Background: Typically, the .status.{capacity,allocatable} values are determined by the resources configured for the Docker daemon (see for example the docker Quick Start Guide for Mac). Since many of the Pods deployed by Gardener have quite high .spec.resources.requests, the Nodes easily get filled up and only a few Pods can be scheduled (even if they barely consume any of their reserved resources). In order to improve the user experience, on startup/leader election the provider-local extension submits an empty patch which triggers the "node webhook" (see the below section) for the seed cluster. The webhook will increase the capacity of the Nodes to allow all Pods to be scheduled. For the shoot clusters, this empty patch trigger is not needed since the MutatingWebhookConfiguration is reconciled by the ControlPlane controller and exists before the Node object gets registered.

Shoot

This webhook reacts on the ConfigMap used by the kube-proxy and sets the maxPerCore field to 0 since other values don't work well in conjunction with the kindest/node image which is used as base for the shoot worker machine pods (ref).

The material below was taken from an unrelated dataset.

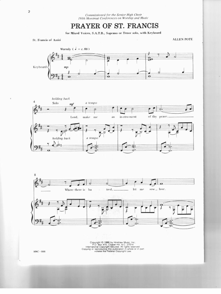 Prayer Of St Francis Pdf Music. Canticle Of The Sun Prayer By St Francis Of Assisi For Satb Organ And Rainstick. Where there is doubt faith.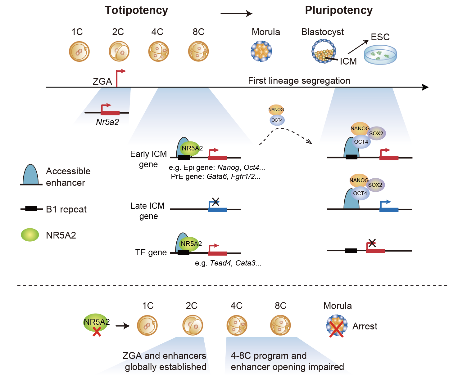 哺乳动物生命起始于终末分化的精子和卵子通过受精过程形成一个全能性的受精卵。受精卵最初处于全基因组转录沉默状态。不同哺乳动物经过一或几轮细胞分裂后,受精卵开始发生第一次转录事件称为合子基因组激活(Zygotic genome activation,ZGA)。ZGA发生后,随着胚胎发育的进行,出现第一次谱系分化从而形成内细胞团(ICM)和外胚层(TE)。ICM随后发育形成具有Nanog表达的外胚层(Epi)和Gata6表达的原始内胚层(PrE)。在体外,ICM可以诱导获得胚胎干细胞,胚胎干细胞以及诱导多能干细胞的转录调控网络可以一定程度上反映多能性建立和维持的过程。例如核心多能性转录因子NANOG、SOX2和OCT4共同调控多能性的转录网络。然而迄今为止,在体内,ZGA如何与哺乳动物胚胎的第一次谱系分化相连接以及胚胎的多能性如何建立仍然不清楚。

machine-controller-manager-provider-local

Out of tree (controller-based) implementation for local as a new provider. The local out-of-tree provider implements the interface defined at MCM OOT driver.

For every Machine object, the local machine provider creates a Pod in the shoot control plane namespace. A machine pod uses an image based on kind's node image (kindest/node). The machine's user data is deployed as a Secret in the shoot control plane namespace and mounted into the machine pod. In contrast to kind, the local machine image doesn't directly run kubelet as a systemd unit. Instead, it has a unit for running the user data script at /etc/machine/userdata.

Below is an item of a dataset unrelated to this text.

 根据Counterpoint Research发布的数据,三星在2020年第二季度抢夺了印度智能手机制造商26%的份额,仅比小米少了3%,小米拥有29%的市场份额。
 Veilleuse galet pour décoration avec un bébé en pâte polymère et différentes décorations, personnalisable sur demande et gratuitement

The local provider spec of the MachineClass supports the following fields:

apiVersion: machine.sapcloud.io/v1alpha1
kind: MachineClass
metadata:
  name: shoot--garden-local--local-worker-06d11
  namespace: shoot--garden-local--local
provider: local
providerSpec:
  image: registry.local.gardener.cloud:5001/local-skaffold_gardener-extension-provider-local-node:...
  ipPoolNameV4: shoot-machine-pods-shoot--garden-local--local-ipv4
  ipPoolNameV6: shoot-machine-pods-shoot--garden-local--local-ipv6
  namespace: shoot--garden-local--local

The image field specifies the image reference for the provider-local/node image. It is determined from the CloudProfile.spec.providerConfig.machineImages field. The ipPoolNameV{4,6} fields specify the name of the calico IPPools to allocate IP addresses for the machine pods from (which are created by the Infrastructure controller). The names are passed to the cni.projectcalico.org/ipv{4,6}pools annotations on the machine pods. The namespace field specifies the namespace in which the machine pods are created. Typically, this is the shoot control plane namespace. However, for self-hosted shoots with managed infrastructure, this is the kind cluster namespace where the infrastructure resources are created during gardenadm bootstrap (the control plane namespace is kube-system in this case).

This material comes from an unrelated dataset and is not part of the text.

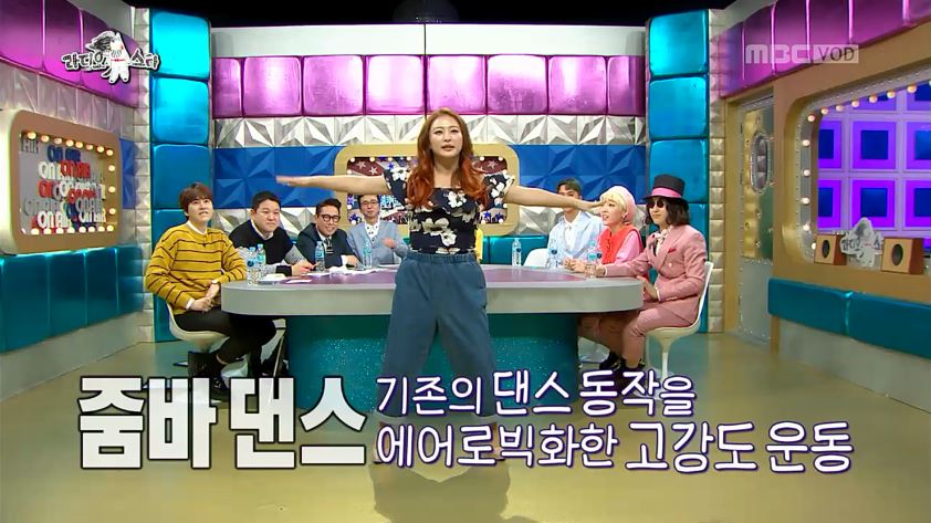 이어 심진화는 자리에서 일어나 줌바 댄스를 추기 시작했다. 그녀가 “처음엔 털어줘야 한다”라며 팔을 흔들자, 김구라가 “엄청 털린다”라며 놀라워했다. 규현은 “줌바 댄스 맞나?”라며 의심쩍어했다.

Typically, machines running in a cloud infrastructure environment can resolve the hostnames of other machines in the same cluster/network. To mimic this behavior in the local setup, the machine provider creates a Service for every Machine with the same name as the Pod. With this, local Nodes and Bastions can connect to other Nodes via their hostname.

Future Work

Future work could mostly focus on resolving the above listed limitations, i.e.:

• Implement a cloud-controller-manager and deploy it via the ControlPlane controller.
• Properly implement .spec.machineTypes in the CloudProfiles (i.e., configure .spec.resources properly for the created shoot worker machine pods).